While fig. 11 illustrates an electronic device 1000 that includes various devices, it should be understood that not all illustrated devices are required to be implemented or included. More or fewer devices may be implemented or included instead.
For example, the electronic device 1000 may further include a peripheral interface (not shown), and the like. The peripheral interface may be various types of interfaces, such as a USB interface, a lightning (lighting) interface, etc. The communication means 1009 may communicate with a network, such as the internet, an intranet, and/or a wireless network, such as a cellular telephone network, a wireless Local Area Network (LAN), and/or a Metropolitan Area Network (MAN), and other devices via wireless communication. The wireless communication may use any of a variety of communication standards, protocols, and technologies including, but not limited to, global System for Mobile communications (GSM), enhanced Data GSM Environment (EDGE), wideband code division multiple Access (W-CDMA), code Division Multiple Access (CDMA), time Division Multiple Access (TDMA), bluetooth, wi-Fi (e.g., based on the IEEE 802.11a, IEEE 802.11b, IEEE 802.11g, and/or IEEE 802.11n standards), voice over Internet protocol (VoIP), wi-MAX, protocols for email, instant messaging, and/or Short Message Service (SMS), or any other suitable communication protocol.
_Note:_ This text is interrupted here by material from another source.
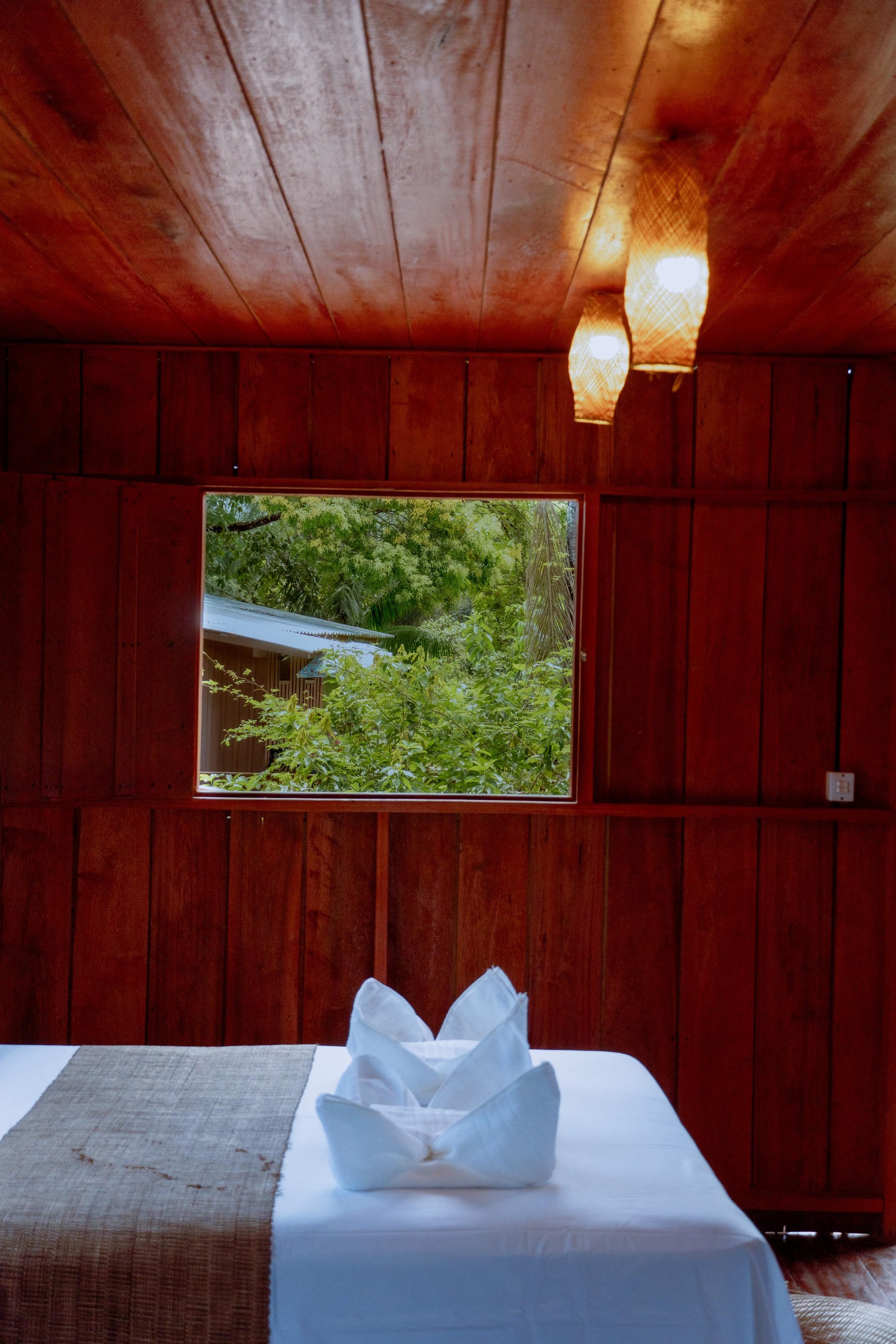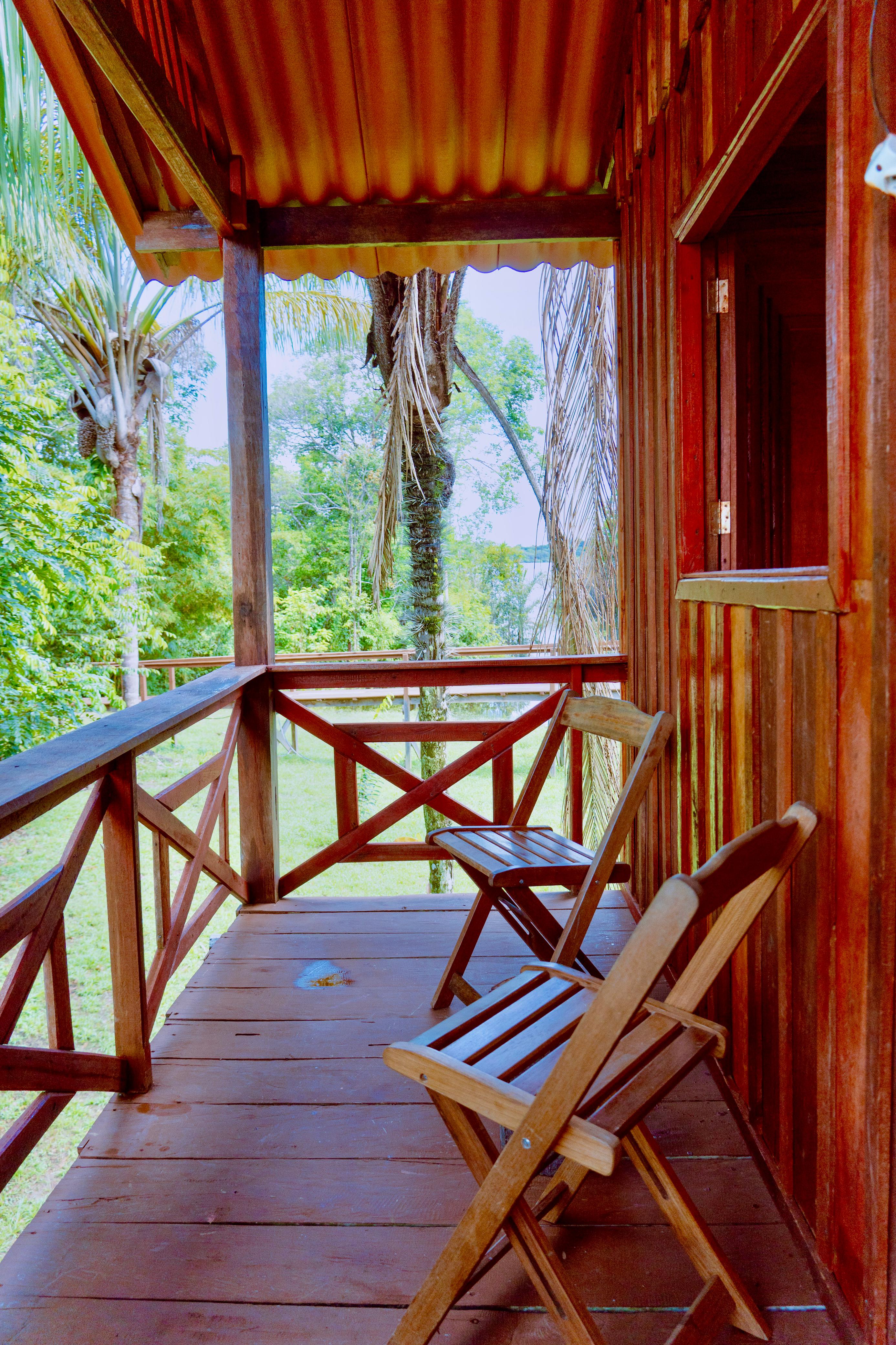 A varanda proporciona uma vista deslumbrante da floresta, criando um local ideal para relaxamento e imersão na natureza.

For the purposes of this disclosure, the following points are also noted:
(1) The drawings of the embodiments of the present disclosure relate only to the structures related to the embodiments of the present disclosure, and other structures may refer to the general design.
(2) The embodiments of the present disclosure and features in the embodiments may be combined with each other to arrive at a new embodiment without conflict.
The foregoing is merely exemplary embodiments of the present disclosure and is not intended to limit the scope of the disclosure, which is defined by the appended claims.